Declaration of Independence

We hold these truths to be self-evident, that all men are created equal, that they are endowed by their Creator with certain unalienable Rights, that among these are Life, Liberty and the pursuit of Happiness. - That to secure these rights, Governments are instituted among Men, deriving their just powers from the consent of the governed.

Thursday, January 3, 2013

Gun Control and Freedom, Part 2


                The liberty principle for this Freedom Friday is the simple fact that gun control destroys freedom.   We know from history that gun registration leads to confiscation of guns; we also know from history that governments commit mass murder against their own unarmed citizens.  Our Founders understood the connection between an armed citizenry and freedom and intentionally wrote the Second Amendment in order to provide American citizens with a way to protect themselves from a tyrannical government.

                Every time a mass murder takes place, Liberals and Progressives start clamoring for more gun control.  Within hours of the massacre in Newtown, Connecticut, the media was focused on the weapons used and led the demands for new gun laws, and Liberal and Progressive politicians are only too happy to meet those demands.

                Charles Krauthammer published an interesting article at the Washington Post about the root causes of mass murder.  He wrote, “Every mass shooting has three elements:  the killer, the weapon and the cultural climate.”  After discussing the gun control demands which arose after the Newtown killings, he wrote, “Monsters shall always be with us but in earlier days they did not roam free.”  He explained how as a psychiatrist in Massachusetts in the 1970s he had committed mentally ill patients but “labored under none of the crushing bureaucratic and legal constraints that make involuntary commitment infinitely more difficult today.”

                Krauthammer explained that we have many mentally ill people wandering our streets who are collectively known as “the homeless.”  In our politically correct society, we were forced to give them their freedoms and allow them to circulate through our communities as one of their “Rights” under the U.S. Constitution.  Krauthammer said that only a “tiny percentage of the mentally ill becomes mass killers,” but they apparently have to actually kill someone before they can be forcibly treated.  They can then be committed if they do not commit suicide first.
                “Random mass killings were three times more common in the 2000s than in the 1980s, when gun laws were actually weaker.  Yet a 2011 University of California at Berkeley study found that states with strong civil commitment laws have about a one-third lower homicide rate.”
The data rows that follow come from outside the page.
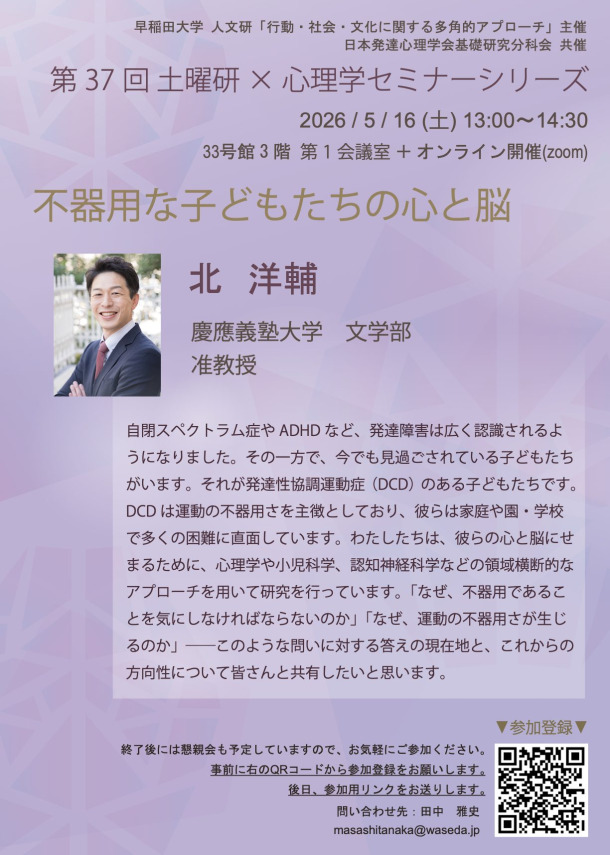 - 【 5月16日(土)開催】心理学セミナーシリーズ「不器用な子どもたちの心と脳」 Psychology Seminar Series
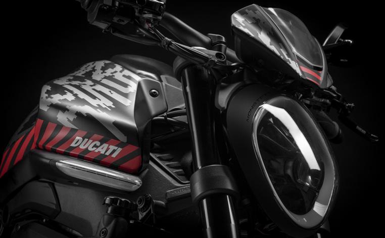 O farol full LED mantém a icónica forma circular da Monster, tornada ainda mais marcante e moderna pela assinatura luminosa da DRL, a luz diurna em forma de anel. A estrutura do farol também evolui graças a um elemento transparente que incorpora totalmente a parte ótica e a eletrónica. Elementos técnicos como o módulo central e o dissipador de calor, totalmente visíveis, criam uma mistura moderna e tecnológica.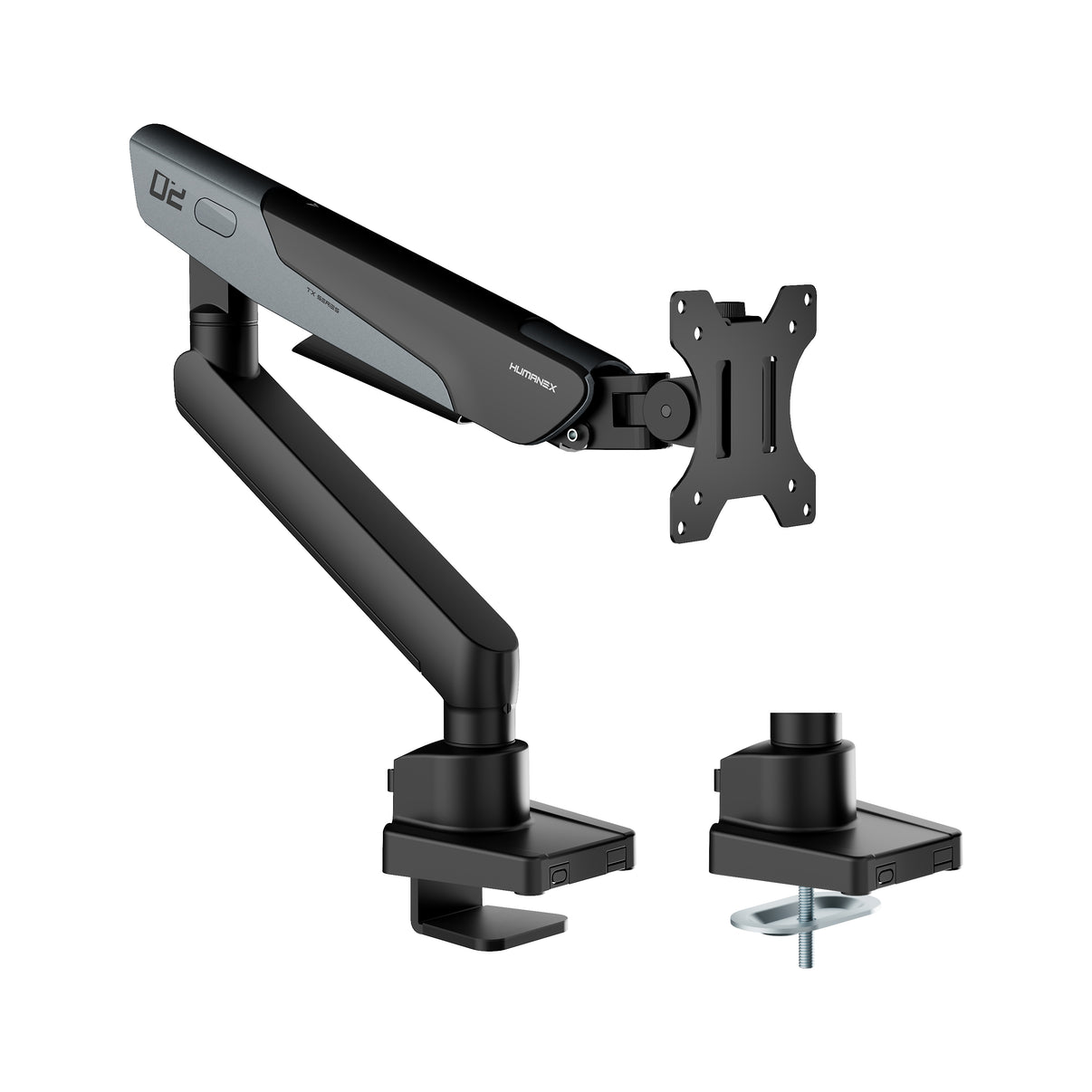 Humanex TX02-1G Single Arm supports 17" to 40" monitors weighing 2 to 12 kg. It offers full motion adjustability with tilt, swivel, and 180° rotation. Features a quick-release VESA plate, dual desk clamp and grommet mounting options, plus integrated cable management for a tidy workspace.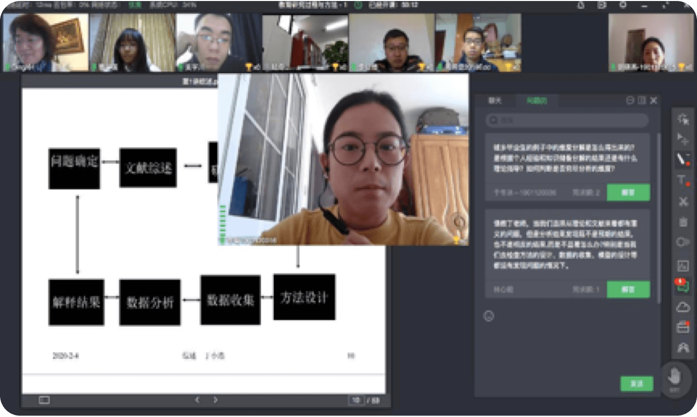 遍布全球各地的知名企业家通过线上方式和学生交流分享和互动,实现学以致用。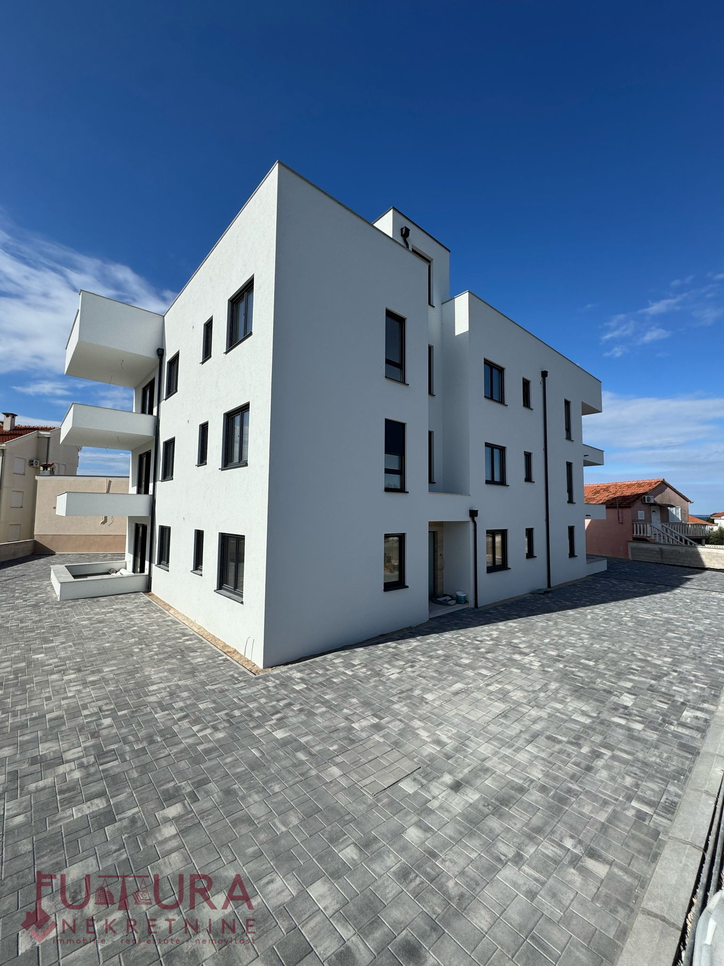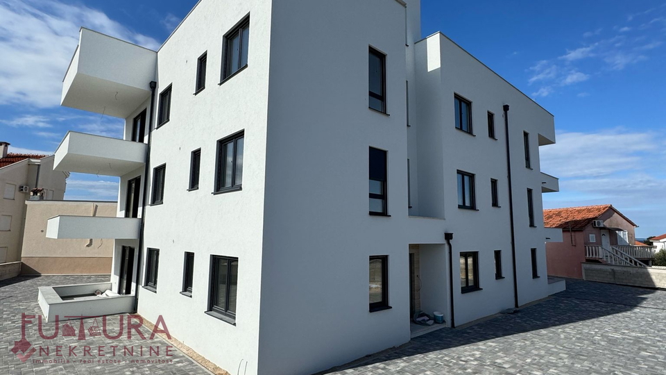 Zadar - Petrčane, verkauft wird eine Zweizimmerwohnung mit 96,79 m² im Erdgeschoss eines Wohngebäudes mit insgesamt sechs Wohnungen im Bau, geplante Fertigstellung Sommer 2025.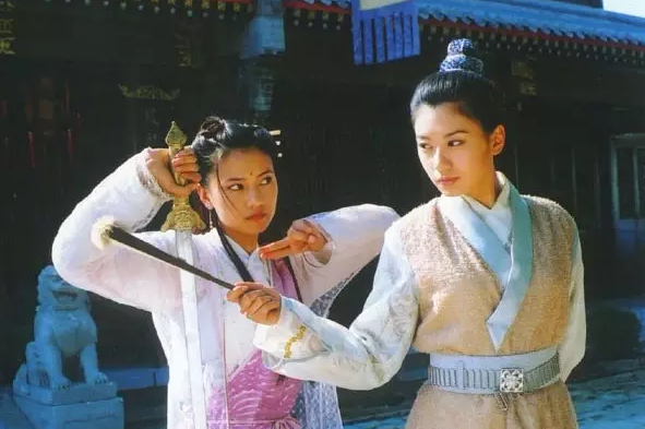 到了2002年贾静雯和高圆圆相识在一部《倚天屠龙记》中,一个扮演赵敏,一个扮演周芷若,那才是两位大美人的真正颜值巅峰,先放几张图片你们感受下:

                Krauthammer suggested that the mass murders are connected to our culture of violent movies and video games:  we should not be shocked when “a small cadre of unstable, deeply deranged, dangerously isolated young men go out and enact the overlearned narrative.”  He wrote that if “we’re serious about curtailing future Columbines and Newtowns, everything – guns, commitment, culture – must be on the table.”  In other words, just controlling the guns will not stop the problems; yet, all we hear from the media and the politicians is that we must get control of the guns. 

                Except for the awful mass murders, we do not have an epidemic of gun violence.  Krauthammer wrote that “over the last 30 years, the U.S. homicide rate has declined by 50 percent.  Gun murders as well.”  He explained that the mass murders “are infinitely more difficult to prevent.  While law deters the rational, it has far less effect on the psychotic.  The best we can do is to try to detain them, disarm them and discourage `entertainment’ that can intensify already murderous impulses.
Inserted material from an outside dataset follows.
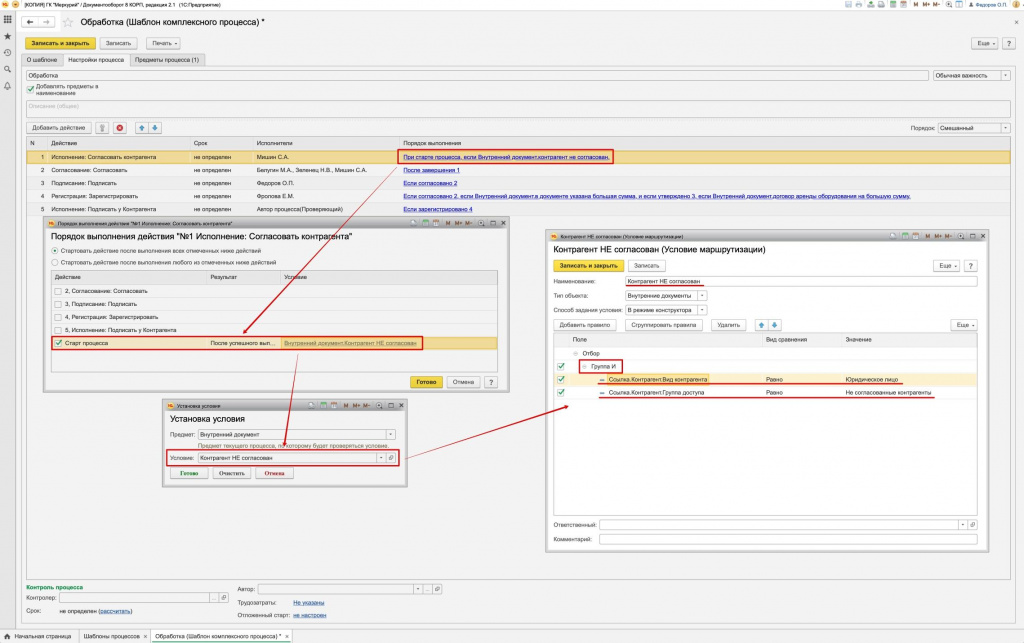 Например, в нашем примере с контрагентом обязательно нужно предусмотреть модель условия, где контрагент согласован, а начальный этап с согласованием из-за этого не запустится. Поэтому, чтобы процесс не выдал ошибку, то вторым этапом нужно включить в условие при старте – Контрагент согласован.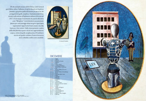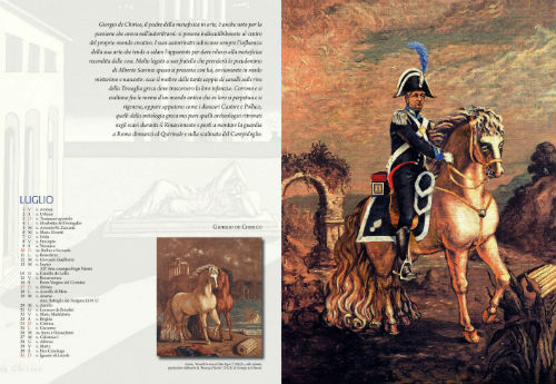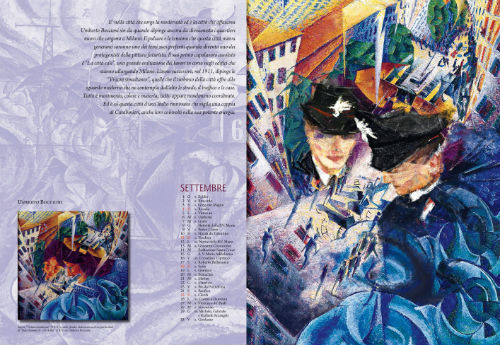 “Il percorso immaginario delle tavole del Calendario interpreta l’evoluzione dell’Arma dei Carabinieri nel tempo, disancorato dalla rigidità cronologica delle opere. Parte da Giovanni Boldini, con una composizione intima, evocativa di un momento storico ottocentesco, nella quale, alla giovane donna e al figlio dipinti dall’artista, si affianca la figura caratteristica di un Carabiniere, marito e padre, espressione di eleganza e di composta proprietà formale. Con Amedeo Modigliani, l’operazione assume dimensioni quotidiane: le sue figure esili e allungate, che esaltano tutti i valori umani, ci riconducono alla bellezza e alla semplicità delle forme tipiche dell’arte rinascimentale. Nelle tinte forti di Henri de Toulouse-Lautrec è stato incastonato l’elemento uniformologico più caratterizzante del Carabiniere, il mantello foderato di rosso, coincidente con una lettura fatta già negli anni ‘20 del secolo scorso dalla rivista “L’Arma Fedele”: nella cornice di una riunione mondana il Carabiniere assiste impassibile alla coinvolgente festosità. La figura del Maresciallo, attento e paterno tutore del territorio, con i colori intensi della campagna e i protagonisti della serena vita di provincia, caratterizza invece i personaggi e le atmosfere di Vincent Van Gogh. Ecco, poi, il musicante visto col candore arcaico di Henri Rousseau. Quindi, la pattuglia che vigila sul tranquillo pomeriggio festivo della gente, come concepito da Georges Seurat. Per Giorgio De Chirico, una scelta che certo sarebbe piaciuta anche a lui: nelle vesti di un Generale dei Carabinieri dell’800 è lo stesso pittore in sella ad uno dei suoi cavalli riccioluti, un autoritratto virtuale che va ad aggiungersi ai tanti da lui dipinti nel corso degli anni, in costume da torero o da gentiluomo del settecento. Nella doppia pagina centrale la già citata opera “I papaveri” di Monet, uno dei massimi rappresentanti dell’Impressionismo, è rivisitata, come detto, con la semplice aggiunta di una pattuglia di Carabinieri, la cui presenza appare protettiva e rasserenante. Con Salvador Dalì solleviamo i piedi da terra e ci portiamo con la fantasia al livello del Surrealismo; la pittura del grande artista spagnolo è sembrata la più valida a essere coniugata, nella chiave delle sue invenzioni oniriche, con la figura del Carabiniere sposata al concetto dell’eroismo a difesa dei cittadini. A seguire, una serie di tavole ispirate alle opere degli eredi della Scapigliatura, i Futuristi, che si proponevano di adeguare ogni espressione d’arte al dinamico divenire della civiltà industriale e delle sue città. Il “trionfante progresso delle scienze” ha trovato la sollecita risposta dell’Arma dei Carabinieri che, da allora, ha ancor più dato slancio allo sviluppo delle proprie strutture, con l’adozione di sempre nuovi procedimenti, strumenti e mezzi operativi. Il vivace dinamismo è rievocato, in queste pagine, con le successive interpretazioni dell’aderenza e della tempestività dell’azione dell’Arma. Ecco, quindi, la caotica realtà metropolitana di Umberto Boccioni che, nella rivisitazione, si svolge sotto lo sguardo amico, protettivo e vigile di due Carabinieri, cui seguono le immagini, dipinte nel tipico stile futurista, di un’autoradio e di un Carabiniere motociclista, tratte da un’altra opera di Balla e da una di Mario Guido Dal Monte. Conclude Carlo Carrà, il più ermetico, ma anche il più discretamente simbolista della pittura italiana: al suo stile è affidata l’evocazione di un’Arma che, dotata dei mezzi della modernità, opera nel presente e guarda al domani con il saldo spirito di sempre”.

                “But there’s a cost.  Gun control impinges upon the Second Amendment; involuntary commitment impinges upon the liberty clause of the Fifth Amendment; curbing `entertainment’ violence impinges upon First Amendment free speech.
                “That’s a lot of impingement, a lot of amendments.  But there’s no free lunch.  Increasing public safety almost always means restricting liberties.”

                Every time something serious happens, Americans trade away some liberties.  After the terrorist attacks of 9/11 we gave away some of our freedoms and ended up with the TSA invading our bodies at the airports.  How many more of our freedoms are we prepared to give away for more public safety now?

We must learn from history or we will repeat it.  Hitler first went after the guns in Germany and then started gathering the people to exterminate them.  He then went into other countries where the citizens had been deprived of weapons to protect themselves.  He did not go into Switzerland because he knew the citizens were armed and ready to meet any invasion.

I judge the seriousness of any claim by the people who are making the claim.  When I learned that China was calling for American citizens to be disarmed, I knew for sure that we needed to keep our right to bear arms.  

It is a fact that armed citizens help to keep their nation free.  We must be careful about the freedoms we trade away in order to enjoy a safer society.  We must remember that those who want to take our guns are the very people who want to control everything that we do.